[PATCH 0/5] KVM: x86/mmu: Clean up {Host,MMU}-writable documentation and validation

[PATCH 0/5] KVM: x86/mmu: Clean up {Host,MMU}-writable documentation and validation

[David Matlack]

This series cleans up some documentation and WARNings related to
MMU-writable and Host-writable bits based on suggestions from Sean on
another patch [1].

[1] https://lore.kernel.org/kvm/YeH5QlwgGcpStZyp@google.com/

David Matlack (5):
  KVM: x86/mmu: Move SPTE writable invariant checks to a helper function
  KVM: x86/mmu: Check SPTE writable invariants when setting leaf SPTEs
  KVM: x86/mmu: Move is_writable_pte() to spte.h
  KVM: x86/mmu: Rename DEFAULT_SPTE_MMU_WRITEABLE to
    DEFAULT_SPTE_MMU_WRITABLE
  KVM: x86/mmu: Consolidate comments about {Host,MMU}-writable

 arch/x86/kvm/mmu.h         |  38 -------------
 arch/x86/kvm/mmu/mmu.c     |  11 ++--
 arch/x86/kvm/mmu/spte.c    |  13 +----
 arch/x86/kvm/mmu/spte.h    | 113 +++++++++++++++++++++++++++----------
 arch/x86/kvm/mmu/tdp_mmu.c |   3 +
 5 files changed, 93 insertions(+), 85 deletions(-)


base-commit: e2e83a73d7ce66f62c7830a85619542ef59c90e4
-- 
2.35.0.rc0.227.g00780c9af4-goog

[PATCH 1/5] KVM: x86/mmu: Move SPTE writable invariant checks to a helper function

[David Matlack]

Move the WARNs in spte_can_locklessly_be_made_writable() to a separate
helper function. This is in preparation for moving these checks to the
places where SPTEs are set.

Opportunistically add warning error messages that include the SPTE to
make future debugging of these warnings easier.

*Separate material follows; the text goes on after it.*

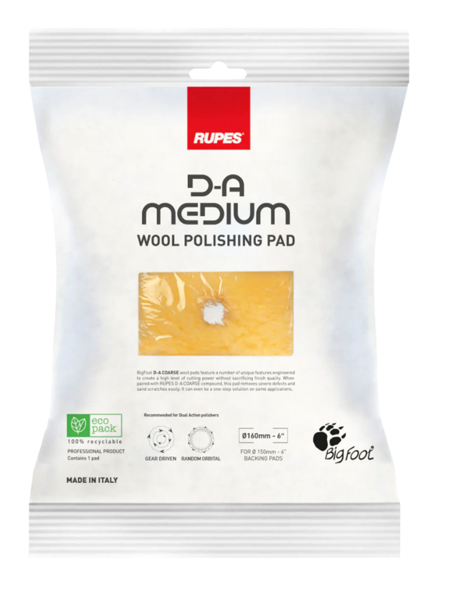 De Rupes DA Medium Wool Polishing Pad voor willekeurige orbitale, tandwielaangedreven en drievoudige actie zijn speciaal ontworpen voor het verwijderen van matige defecten. Het gele schuim van de medium wollen pad is veel flexibeler om een betere controle over rondingen en contouren mogelijk te maken, evenals een zachtere ondersteuning voor een beter afwerkvermogen. Het assortiment gele medium wollen pads heeft een consistente vezellengte van 15 mm door het hele oppervlak van de pads. Deze zachte en flexibele wol, gecombineerd met een zachte en flexibele gele schuimrug, garandeert niet alleen matige defecten, maar ook een uitstekende afwerking op de meeste oppervlakken. 9.BW100M Bigfoot

Suggested-by: Sean Christopherson <seanjc@google.com>
Signed-off-by: David Matlack <dmatlack@google.com>
---
 arch/x86/kvm/mmu/spte.h | 20 +++++++++++++-------
 1 file changed, 13 insertions(+), 7 deletions(-)

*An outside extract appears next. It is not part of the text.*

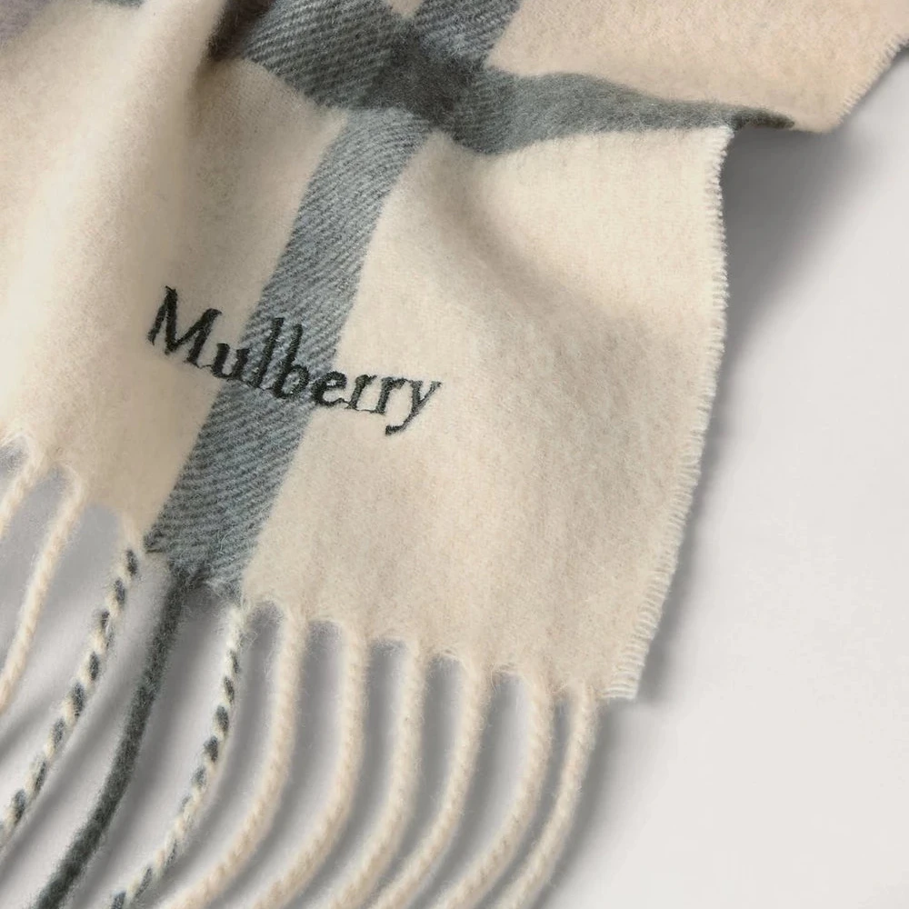 - Detaljer: Ternet mønster, broderet Mulberry-logo og frynser i enderne

diff --git a/arch/x86/kvm/mmu/spte.h b/arch/x86/kvm/mmu/spte.h
index be6a007a4af3..912e66859ea0 100644
--- a/arch/x86/kvm/mmu/spte.h
+++ b/arch/x86/kvm/mmu/spte.h
@@ -339,15 +339,21 @@ static __always_inline bool is_rsvd_spte(struct rsvd_bits_validate *rsvd_check,
 	       __is_rsvd_bits_set(rsvd_check, spte, level);
 }
 
-static inline bool spte_can_locklessly_be_made_writable(u64 spte)
+static inline void check_spte_writable_invariants(u64 spte)
 {
-	if (spte & shadow_mmu_writable_mask) {
-		WARN_ON_ONCE(!(spte & shadow_host_writable_mask));
-		return true;
-	}
+	if (spte & shadow_mmu_writable_mask)
+		WARN_ONCE(!(spte & shadow_host_writable_mask),
+			  "kvm: MMU-writable SPTE is not Host-writable: %llx",
+			  spte);
+	else
+		WARN_ONCE(spte & PT_WRITABLE_MASK,
+			  "kvm: Writable SPTE is not MMU-writable: %llx", spte);
+}
 
-	WARN_ON_ONCE(spte & PT_WRITABLE_MASK);
-	return false;
+static inline bool spte_can_locklessly_be_made_writable(u64 spte)
+{
+	check_spte_writable_invariants(spte);
+	return spte & shadow_mmu_writable_mask;
 }
 
 static inline u64 get_mmio_spte_generation(u64 spte)

base-commit: e2e83a73d7ce66f62c7830a85619542ef59c90e4
-- 
2.35.0.rc0.227.g00780c9af4-goog

[PATCH 2/5] KVM: x86/mmu: Check SPTE writable invariants when setting leaf SPTEs

[David Matlack]

Check SPTE writable invariants when setting SPTEs rather than in
spte_can_locklessly_be_made_writable(). By the time KVM checks
spte_can_locklessly_be_made_writable(), the SPTE has long been since
corrupted.

Note that these invariants only apply to shadow-present leaf SPTEs (i.e.
not to MMIO SPTEs, non-leaf SPTEs, etc.). Add a comment explaining the
restriction and only instrument the code paths that set shadow-present
leaf SPTEs.

To account for access tracking, also check the SPTE writable invariants
when marking an SPTE as an access track SPTE. This also lets us remove
a redundant WARN from mark_spte_for_access_track().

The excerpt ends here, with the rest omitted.